Calculate [D, r] and [D, p] with Dilatation Operator

[Goodwater]

Homework Statement

Consider the dilatation operator: D = r * p

Calculate [D , r] and [D , p]

Homework Equations

The Attempt at a Solution

 

[arkajad]

It is not clear what r stand for and what * stands for.

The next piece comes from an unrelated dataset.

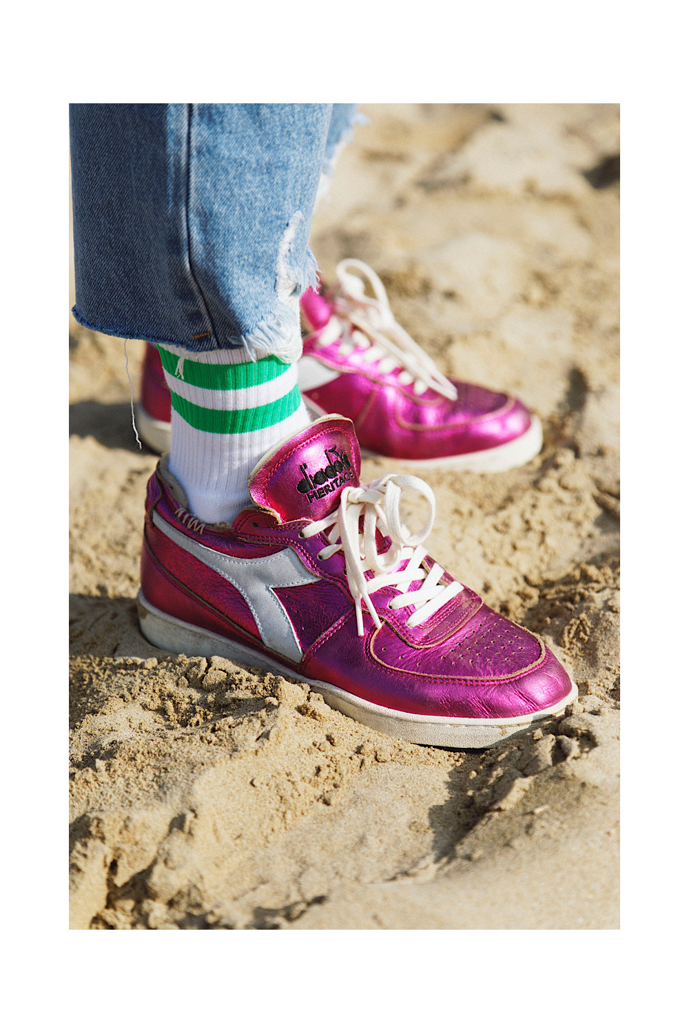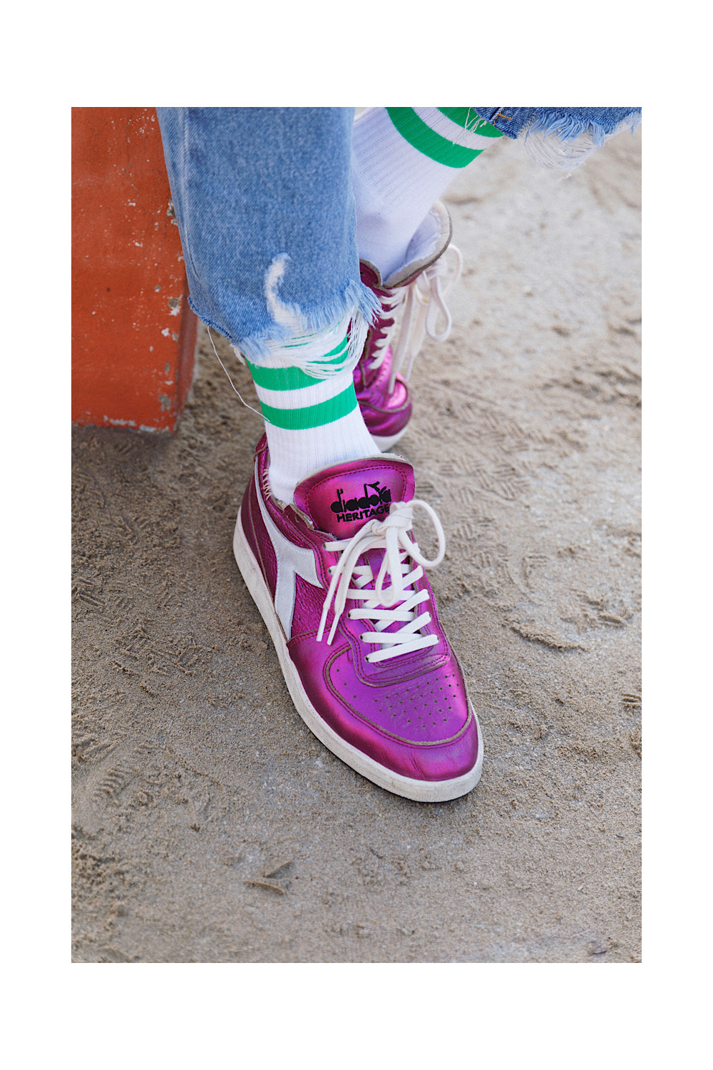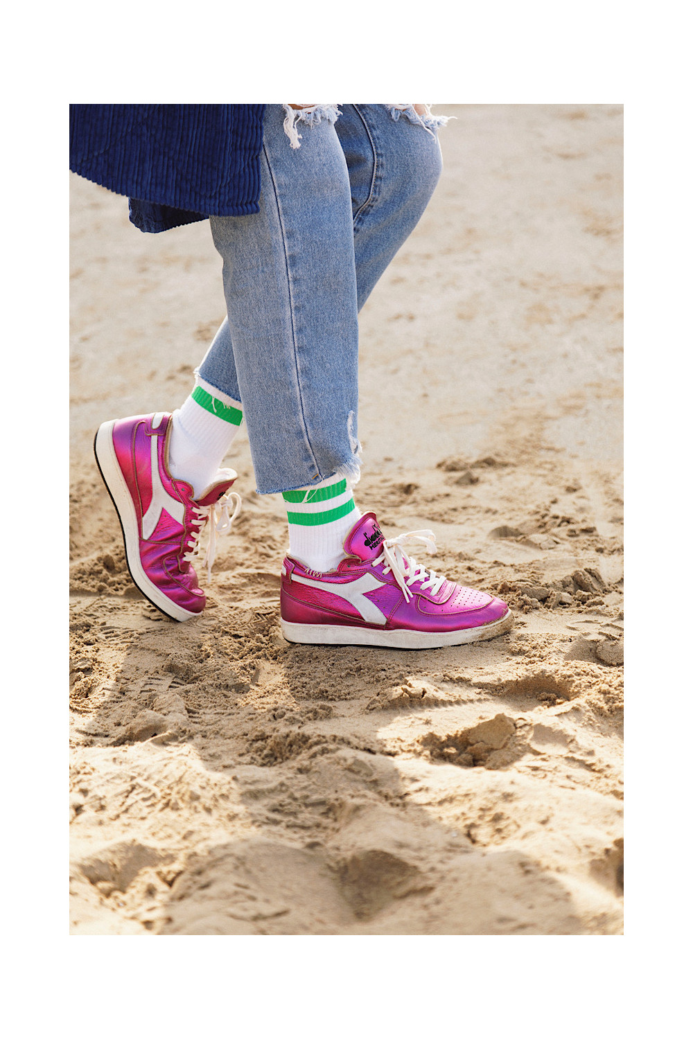 Caractéristique : chaussette haute avec bandes vertes et talons à paillettes, fine

Do you mean

$$D=\mathbf{r}\cdot\mathbf{p}=xp_x+yp_y+zp_z$$?

Do you mean $[D,\mathbf{r}]$ or $[D,r]$ where $r=\sqrt{\mathbf{r}^2}$. These details are important.

 

[Goodwater]

Hi.

Thank you for reply.

You are correct: D = xpx + ypy + zpz
I meant [D,r] where r is not square root.

I hope this is more understandable, as this is my first post I don't know how to get the notations right:)

 

[arkajad]

The you calculate using $[AB,C]=A[B,C]+[A,C]B$, for isntance

$$[xp_x,x]=x[p_x,x]+[x,x]p_x=\ldots$$

Mostly you will get zeros, but occasionally you will get a term that will contribute.

 

[paranormal]

To calculate [D, r], we can use the commutator property of operators, which states that [A, B] = AB - BA. Therefore, for [D, r], we have:

[D, r] = Dr - rD

Substituting in the given dilatation operator D = r * p, we get:

[D, r] = r * p * r - r * r * p

= r * (p * r - r * p)

= r * [p, r]

Similarly, for [D, p], we have:

[D, p] = Dp - pD

= r * p * p - p * r * p

= p * (r * p - r * p)

= 0

Therefore, [D, p] = 0, as the order of multiplication does not matter for scalars.

Overall, the dilatation operator [D, r] is equal to r * [p, r], while [D, p] is equal to 0. This shows that the dilatation operator does not commute with p, but it commutes with r. This information can be useful in studying the behavior of systems under dilatation transformations.